> _RECORDS FOR PROCESSING_

◇ ◇ ◇

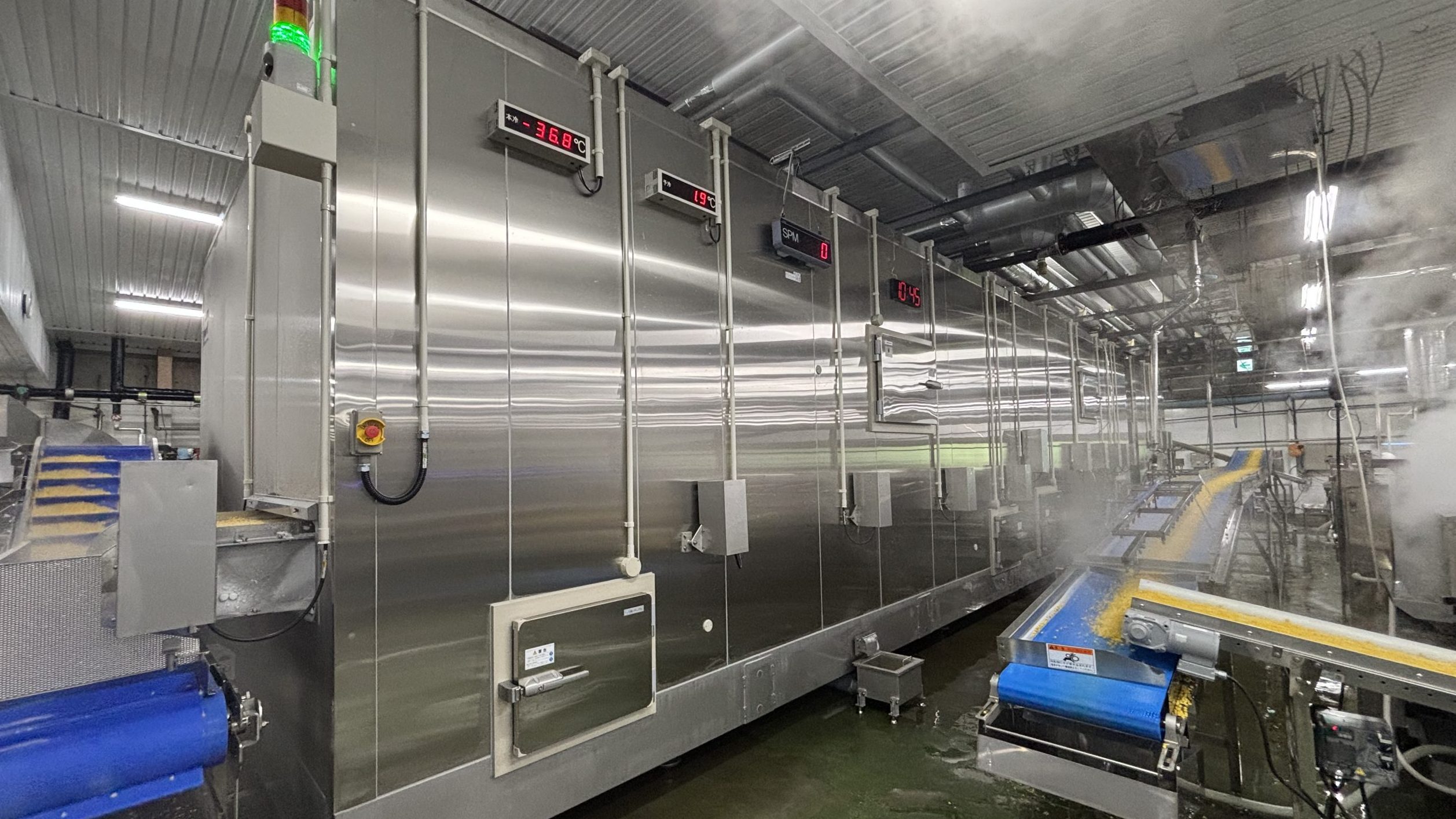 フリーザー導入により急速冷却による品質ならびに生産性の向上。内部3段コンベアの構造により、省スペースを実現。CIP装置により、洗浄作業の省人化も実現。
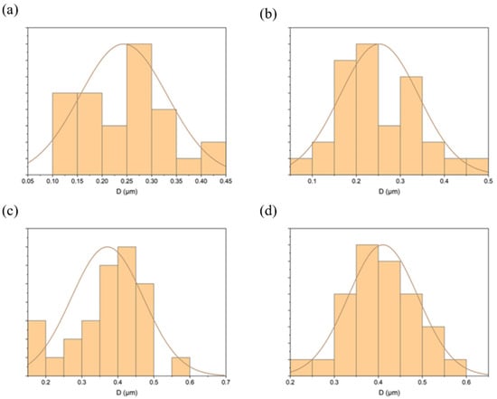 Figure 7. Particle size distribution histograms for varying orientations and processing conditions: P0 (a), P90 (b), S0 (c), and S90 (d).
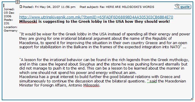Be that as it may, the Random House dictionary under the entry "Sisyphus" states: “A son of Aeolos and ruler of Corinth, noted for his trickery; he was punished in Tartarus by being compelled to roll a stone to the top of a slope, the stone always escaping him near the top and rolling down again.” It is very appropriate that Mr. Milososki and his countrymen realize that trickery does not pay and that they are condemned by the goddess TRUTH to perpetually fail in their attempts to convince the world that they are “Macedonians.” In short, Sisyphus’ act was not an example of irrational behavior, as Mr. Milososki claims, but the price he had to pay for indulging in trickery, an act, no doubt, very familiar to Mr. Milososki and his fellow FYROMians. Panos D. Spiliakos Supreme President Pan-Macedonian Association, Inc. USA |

◇ ◇ ◇

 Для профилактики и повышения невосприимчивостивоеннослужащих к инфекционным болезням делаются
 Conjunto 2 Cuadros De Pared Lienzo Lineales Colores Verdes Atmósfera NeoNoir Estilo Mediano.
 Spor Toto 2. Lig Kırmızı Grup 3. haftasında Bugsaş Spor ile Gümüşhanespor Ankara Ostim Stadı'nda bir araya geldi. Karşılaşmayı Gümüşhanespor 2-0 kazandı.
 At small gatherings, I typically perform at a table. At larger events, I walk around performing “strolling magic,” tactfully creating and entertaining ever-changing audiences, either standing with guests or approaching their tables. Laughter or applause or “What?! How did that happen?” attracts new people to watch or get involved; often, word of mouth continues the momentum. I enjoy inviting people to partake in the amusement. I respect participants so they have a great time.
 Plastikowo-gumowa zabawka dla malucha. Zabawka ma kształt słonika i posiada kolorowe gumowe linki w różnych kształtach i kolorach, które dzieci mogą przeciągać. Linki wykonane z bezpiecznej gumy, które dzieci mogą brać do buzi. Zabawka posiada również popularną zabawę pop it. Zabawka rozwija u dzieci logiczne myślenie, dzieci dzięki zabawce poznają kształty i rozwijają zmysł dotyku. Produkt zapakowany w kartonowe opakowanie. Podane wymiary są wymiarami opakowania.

◇ ◇ ◇

> _YOUR INSTRUCTIONS_
From the listing above, repeat exactly the lines starting at the line that includes "At small gatherings, I" and ending at the line that includes "Plastikowo-gumowa zabawka dla", with nothing outside that span.

> _ANSWER AREA_
 At small gatherings, I typically perform at a table. At larger events, I walk around performing “strolling magic,” tactfully creating and entertaining ever-changing audiences, either standing with guests or approaching their tables. Laughter or applause or “What?! How did that happen?” attracts new people to watch or get involved; often, word of mouth continues the momentum. I enjoy inviting people to partake in the amusement. I respect participants so they have a great time.
 Plastikowo-gumowa zabawka dla malucha. Zabawka ma kształt słonika i posiada kolorowe gumowe linki w różnych kształtach i kolorach, które dzieci mogą przeciągać. Linki wykonane z bezpiecznej gumy, które dzieci mogą brać do buzi. Zabawka posiada również popularną zabawę pop it. Zabawka rozwija u dzieci logiczne myślenie, dzieci dzięki zabawce poznają kształty i rozwijają zmysł dotyku. Produkt zapakowany w kartonowe opakowanie. Podane wymiary są wymiarami opakowania.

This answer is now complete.